For Ryudai Takano’s latest collection from his kasubaba series, published in conjunction with his 2025 retrospective at TOP museum in Tokyo, I contributed the essay, “An Ode to the Overlooked” looking at how his streetscape practice has evolved into a kind of photographic mindfulness.
T3 Photo Festival Tokyo 2024 focused on the exhibition New Japanese Photography held at the Museum of Modern Art (MoMA) in New York in 1974, which has had a major, long-lasting impact on the study and understanding of Japanese photography overseas. To mark the fiftieth anniversary of this landmark show, I curated two projects for T3 that reconsider its legacy.
Hitoshi Fugo released his latest book KAMI published by L’Artiere at Paris Photo 2025. A companion piece to his brilliant FLYING FRYING PAN, I edited this project which was decades in the making, combining images taken in the aftermath of the Great Hanshin Earthquake of 1995 with images of a roll of paper recovered by the artist from a printing factory after a fire. A prescient book for these times.
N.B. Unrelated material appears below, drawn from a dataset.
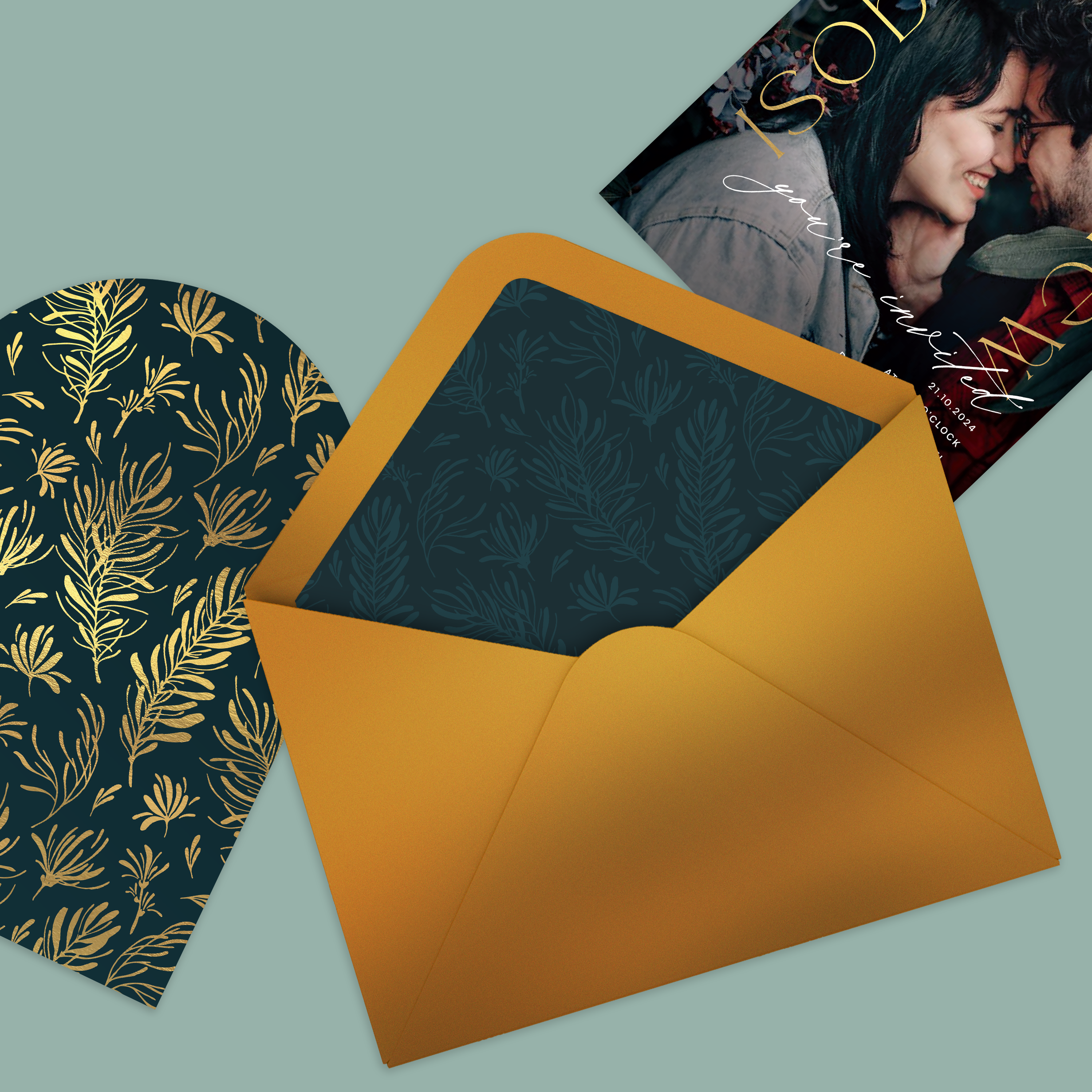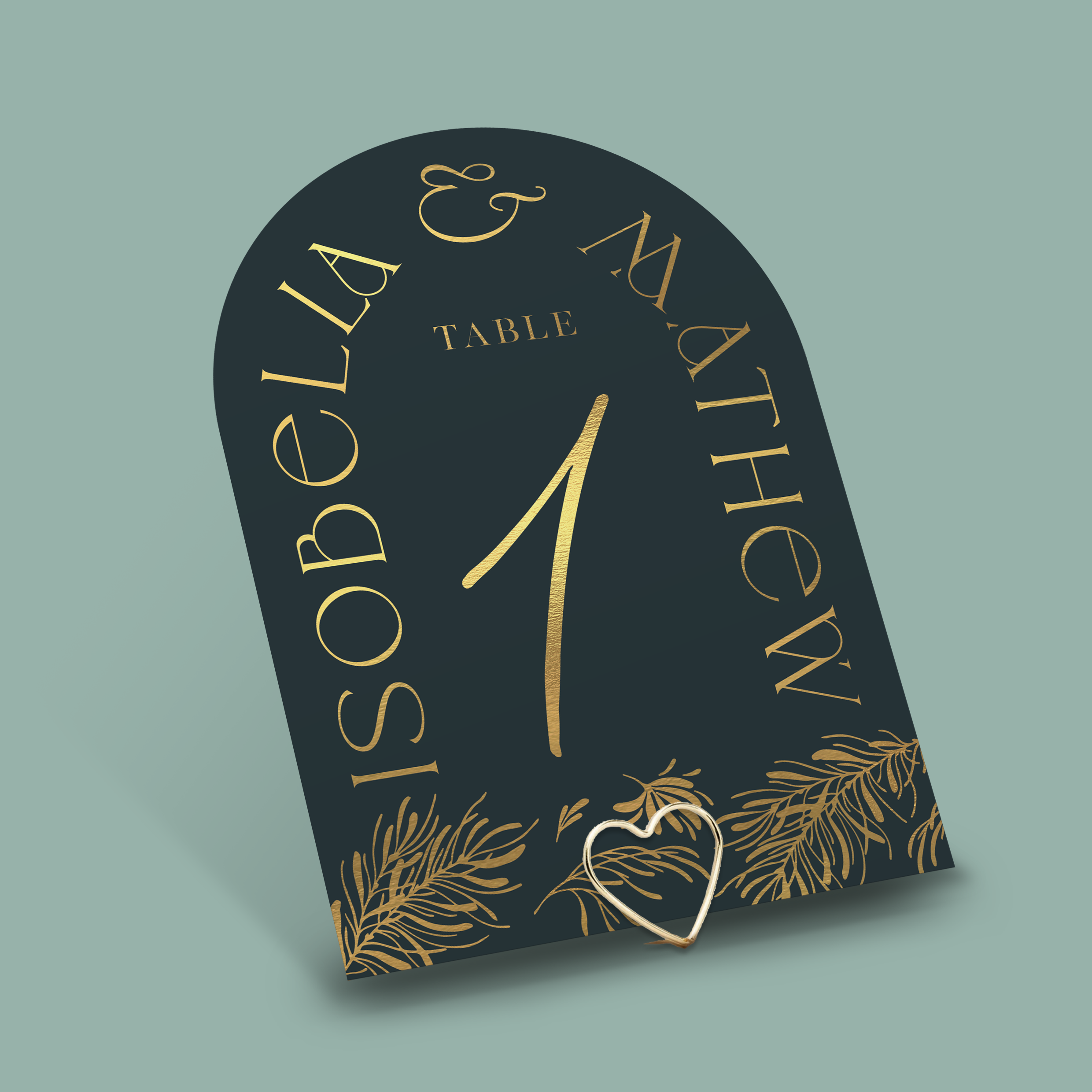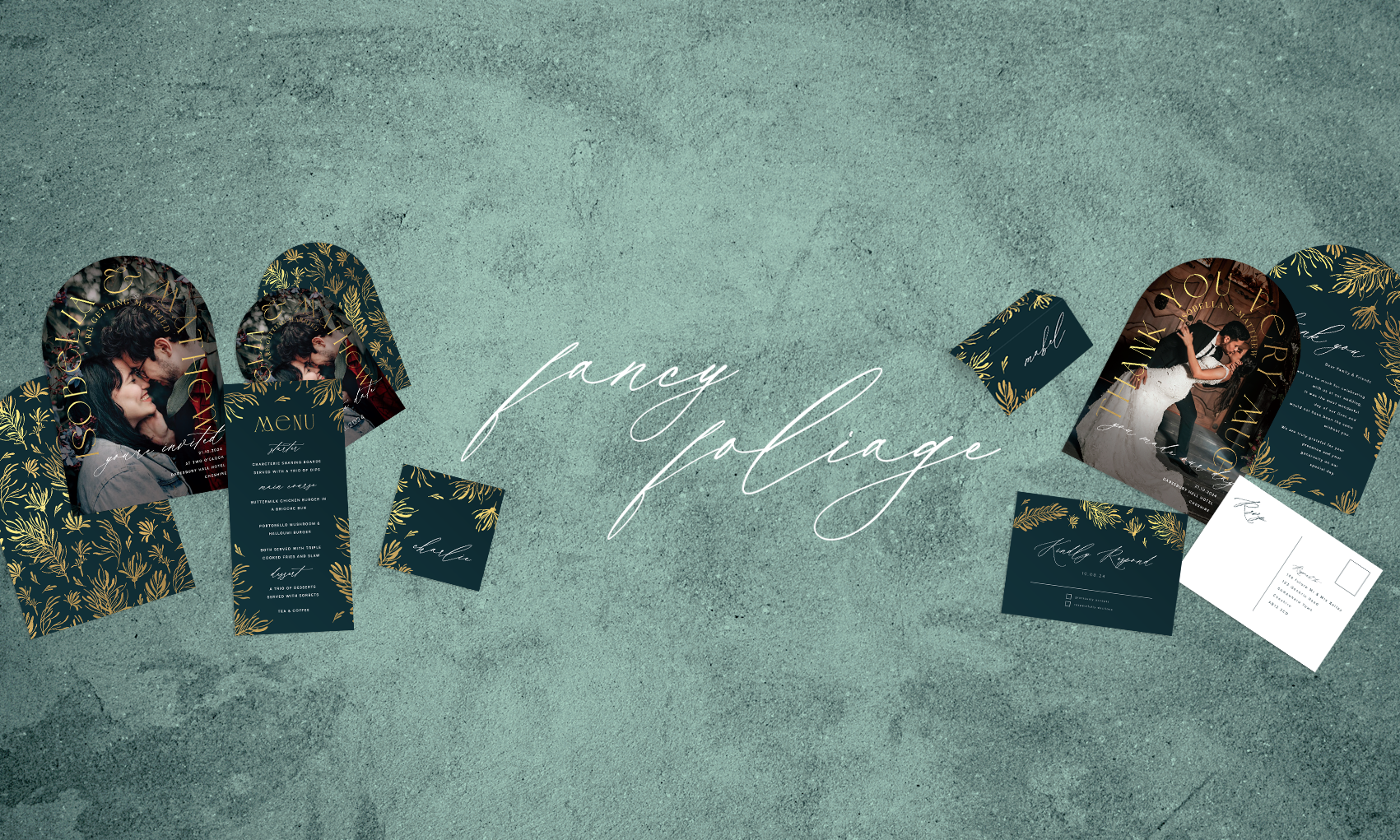 This elegant wedding suite beautifully blends contemporary design with timeless romance. The main pieces feature a refined arched edge creating a luxurious and modern design. A subtle foliage motif on the back of the stationery adds organic texture and sophistication.

As part of the Paris Photo 2025 conversations programme, I hosted a talk with Damarice Amao, Julie Jones, and Yasufumi Nakamori on photography as a collective practice through the case of the All Japan Students’ Photo Association (AJSPA) and their “group photographic action” on Hiroshima.
I copy-edited this collection of Takuma Nakahira’s essays (the first of its kind in English) translated and edited by Daniel Abbe and Franz Pritchard and published by Aperture. Not to be missed, notably “Interlude”, in which Nakahira recounts the evening on which he set fire to his negatives on the beach.
I spent much of 2025 working on this collection of essays by Japanese, Asian, European, and American curators, researchers, and artists. More Than One World looks back at Japanese photography’s place in the global historiography of the medium since the landmark exhibition New Japanese Photography held at MoMA in 1974.